Article
· Jul 9, 2023 3m read

Using iknowpy to do analytics on logs from iris-fhir-generative-ai

As said in the previous article about the iris-fhir-generative-ai experiment, the project logs all events for analysis. Here we are going to discuss two types of analysis covered by analytics embedded in the project:

  • Users prompts
  • Execution errors

In order to extract useful data to apply analytics, we used the iknowpy library - an opensource library for Natural Language Processing based in the iKnow for IRIS Data Platform. It makes possible identifies entities (phrases) and their semantic context in natural language text in several languages.

Here it's used to extract concepts from data of each log. Check the method SaveConcepts() in the class LogConceptTable for more details.

So, we create a IRIS BI Cube for counting concepts and relate them with other dimensions, like log types and descriptions, for instance.

After you got some prompts answered, you are ready to build the cube. You can do this by accessing the cube manager and hit the Build button, or do it programatically:

ZN "USER"
Do ##class(%DeepSee.Utils).%BuildCube("LogAnalyticsCube")

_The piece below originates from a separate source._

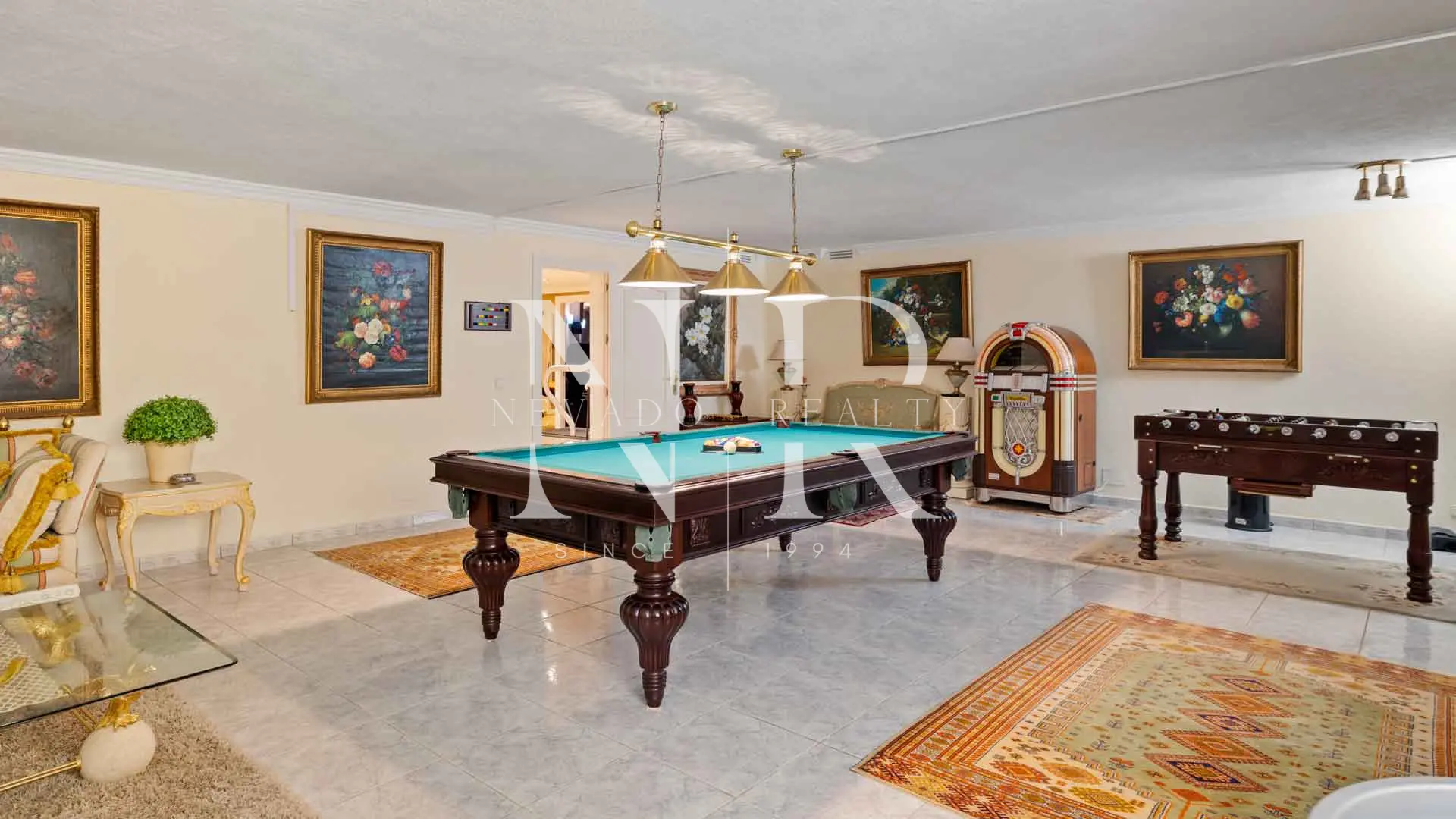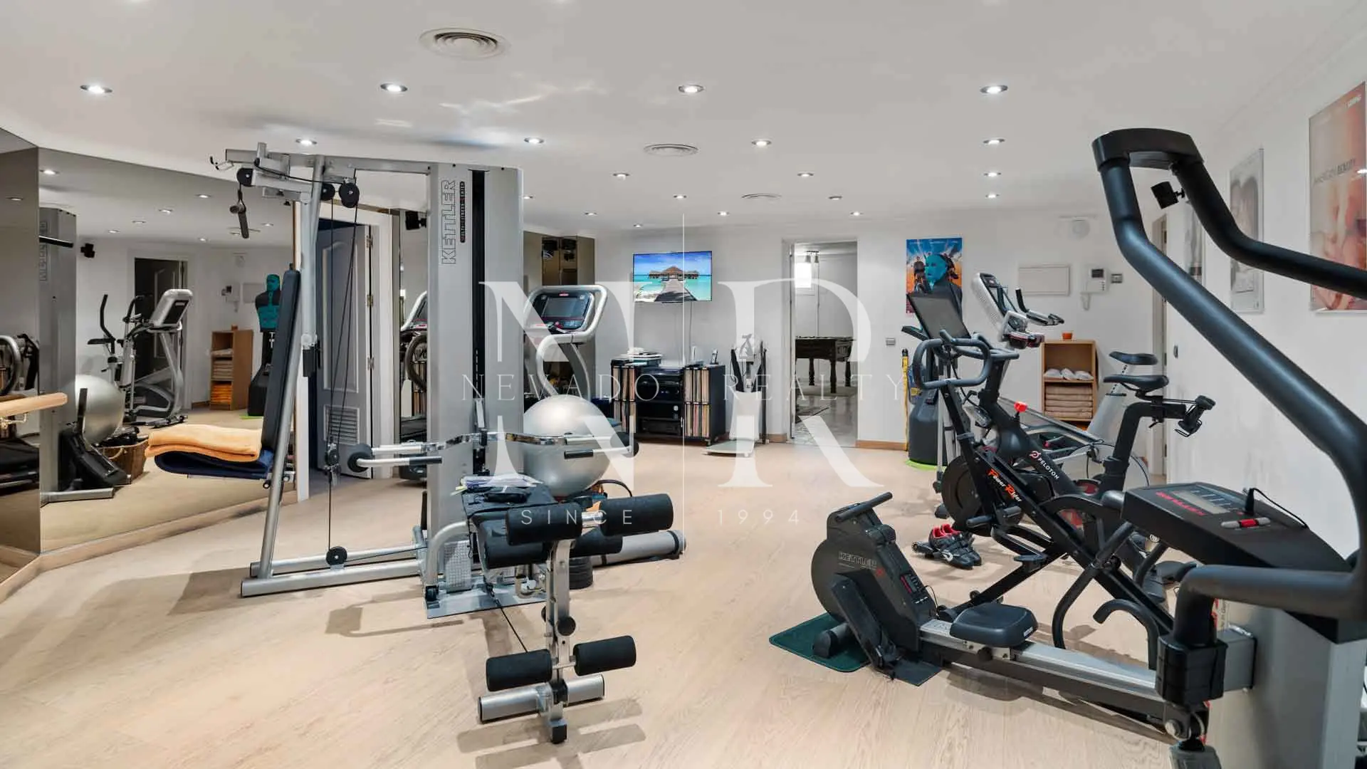 En el nivel inferior, la villa despliega un espectacular espacio de ocio con sala de entretenimiento, bodega climatizada, cine privado y gimnasio, además de un garaje con capacidad para hasta seis vehículos y amplias zonas de almacenamiento.

With this cube, we create a dashboard which people can get insights about how the prompts are going in terms of what users are asking and if those prompts are beeing executed or not.

Fig.1 - Log Analytics Dashboard

Fig.1 - Log Analytics Dashboard

Users prompts analysis

The image below shows the result of the users prompts analysis after running the methods DoAccuracyTests and DoAccuracyExtendedSetTests() of the class fhirgenerativeai.Tests(). It uses a treemap to show the most prevelent concepts.

Fig.2 - Detail of users prompts

Fig.2 - Detail of users prompts

As you can see, the most prevelent concepts are meaningless concepts like prompt, code, dataset etc.

Let's exclude these concepts from the analysis:

Fig.3 - Exclusion of meaningless concepts

Fig.3 - Exclusion of meaningless concepts

Then, get the top 10 concepts:

Fig.4 - Top 10 concepts for users prompts

Fig.4 - Top 10 concepts for users prompts

Now, we can see that users are asking questions rearging patients, and conditions like viral sinusitis and diabetes, for instance. This could lead system administrators to get insights about what users are expecting and proceed to attend such needs.

Execution errors analysis

For the execution errors analysis, we have the same visualization as the users prompts. But now, displaying concepts related to execution errors.

Fig.5 - Details of execution errors

Fig.5 - Details of execution errors

And like for the users prompts analysis, we exclude meaningless concepts and got just the top 10 concepts:

Fig.6 - Top 10 concepts for execution errors

Fig.6 - Top 10 concepts for execution errors

Now we can note, for instance, that concepts like "bad request" and 400 (the HTTP code for bad request error) are relevant. This means that the AI model are generating code that tends to setting invalid FHIR requests.